The measures include advance payment of a part of wages to central employees and cash in lieu of LTC, and the Centre will offer Rs 12,000 crore special interest free 50-year loans to the states for capital expenditure.

The latest announcements come with a "conditions apply tag" and look like "too little and too late," SBI Research said in a note, adding that only 10-15 per cent of the central employees may avail the cash-scheme because of the mandatory GST component in the offer.

"The LTC scheme is unlikely to work unless the government decides to pay GST component also over and above the fare entitlement amount as is done by many state-run banks," SBI Research said.

And that only the festival advance proposal offers some additional income over and above the current income and therefore is likely help boost demand by way of discretionary consumption, as per the note.

On the other hand, BofA Securities sees further demand-side measures via subsidies to SMEs/ real estate, oil tax cuts, bank interest waiver to arrest the contraction in the economy.

With Monday's measures, it sees "1-2 per cent of GDP upside risk to our 12.7 per cent of fiscal deficit forecast for FY21, which will be funded by OMOs/ bank HTM limit hikes".

More booster doses are needed as "the pandemic is fast progressing from a supply shock to contain spread to a demand shock with incomes/jobs shrinking".

"In response, the potential demand-side steps could include lending rate/ tax subsidies for SMEs/ real estate; oil tax cuts; waiver of interest on interest during the moratorium; and lower income tax cuts with a pandemic cess on the rich," BofA Securities said in a note.

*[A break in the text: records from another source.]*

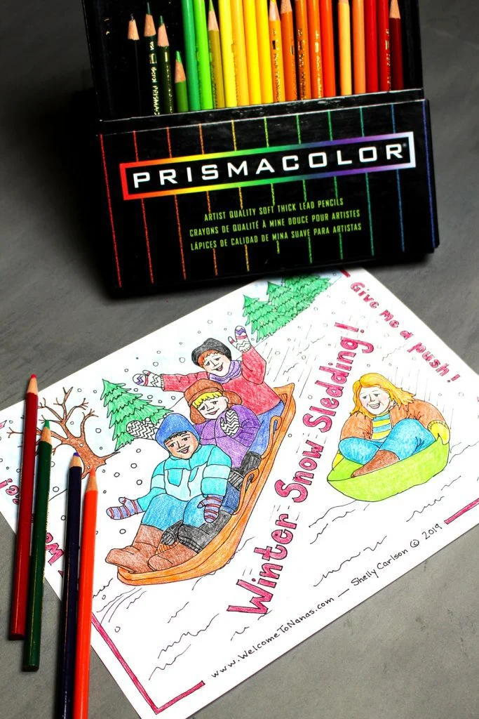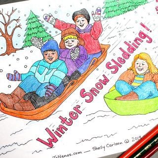 This Winter Sledding Snow Coloring Page is inspired by the joyful faces of my grandkids, as well as your kids! Print off some free copies of this coloring page, grab your colored pencils, markers, or crayons, and enjoy some winter fun.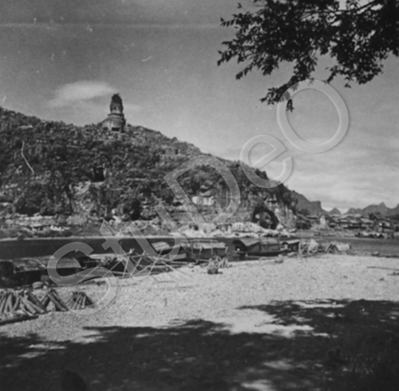 Beschreibung: „Hsiang Pi Shan“ neu: Xiangbi Shan, Elefantenrüsselberg. Pagodenruine auf dem Berg, rechts im Hintergrund Häuser der Stadt Guilin (Kweilin).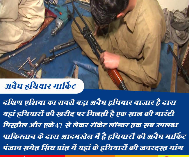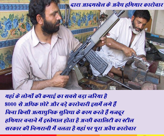 नई दिल्ली [जागरण स्पेशल]। आज हम आपको एक ऐसी जगह के बारे में बताने जा रहे हैं जिसके बारे में जानकर आप हैरान हो जाएंगे। यहां पर आपको रिवॉल्वर, राइफल, स्नाइपर राइफल से लेकर एके 47 और रॉकेट लॉन्चर तक खुलेआम बिकता है। इसके अलावा यहां पर आप इटालियन राइफल, रशियन कलाकोव, अमेरिकन म्यूजेलाइट, 9एमएम हैंडगन भी आसानी से ले सकते हैं। बस कीमत चुकाइये और ले जाएं जो आपको चाहिए। दरअसल, जिस जगह की हम बात कर रहे हैं वह जगह पाकिस्तान के खैबरपास इलाके के दारा आदमखेल में स्थित है। आपको जानकर हैरानी होगी कि यहां पर चल रहे इस कारोबार को सरकारी संरक्षण तक प्राप्त है। इससे भी ज्यादा हैरानी की बात ये है कि यहां के लोगों की आजीविका का ये सबसे बड़ा जरिया है। इससे भी बड़ी बात ये है कि यहां पर इस कारोबार में बच्चों से लेकर बड़े तक सब शामिल हैं।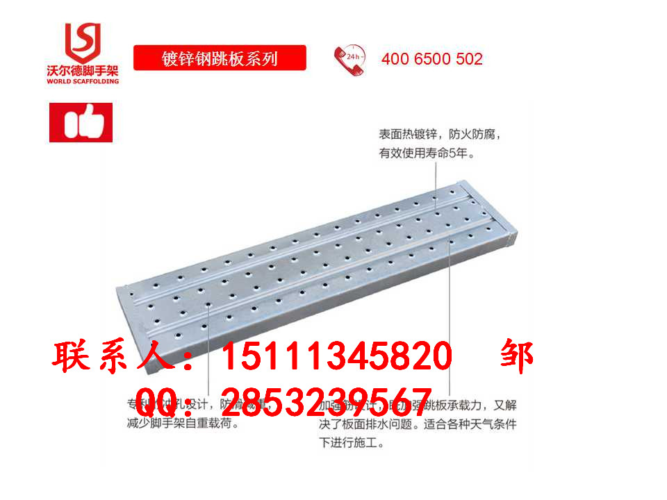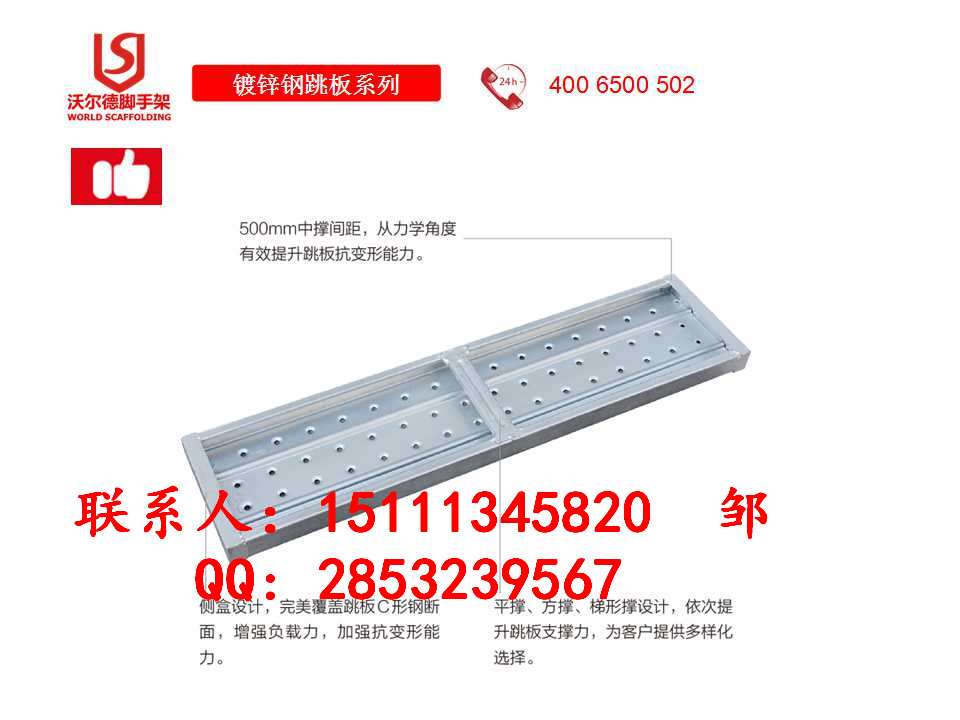 防滑性更好,每張鋼跳板上面都有防滑設(shè)計,木跳板和竹跳板是無法做防滑處理的;

On the Rs 12,000-crore special interest free 50-year loans to the states to be spend till Mar 2021, SBI Research note said that of the total amount, Rs 10,000 crore will be provided to all states in proportion to their share in the Finance Commission devolution. The remaining amount of Rs 2,000 crore will be given to the states which meet at least three of the four reforms conditions given in the May package.

"We believe Rs 12,000 crore is minimal given the fact that this amount is only 1.6 per cent of the states FY21 budget estimates of capex of 18 states. This number will come down further if we add the capex projections of all the states. The extra Rs 2,000 crore will benefit only eight states," the note said.

According to the note, the loan will save the interest expenditure for the states and lower the interest income of the Centre.

"With higher maturity Gsecs trading at around 7 per cent, it leads to a notional interest loss of Rs 40,000 crore for the Centre and a similar gain for the states," it added.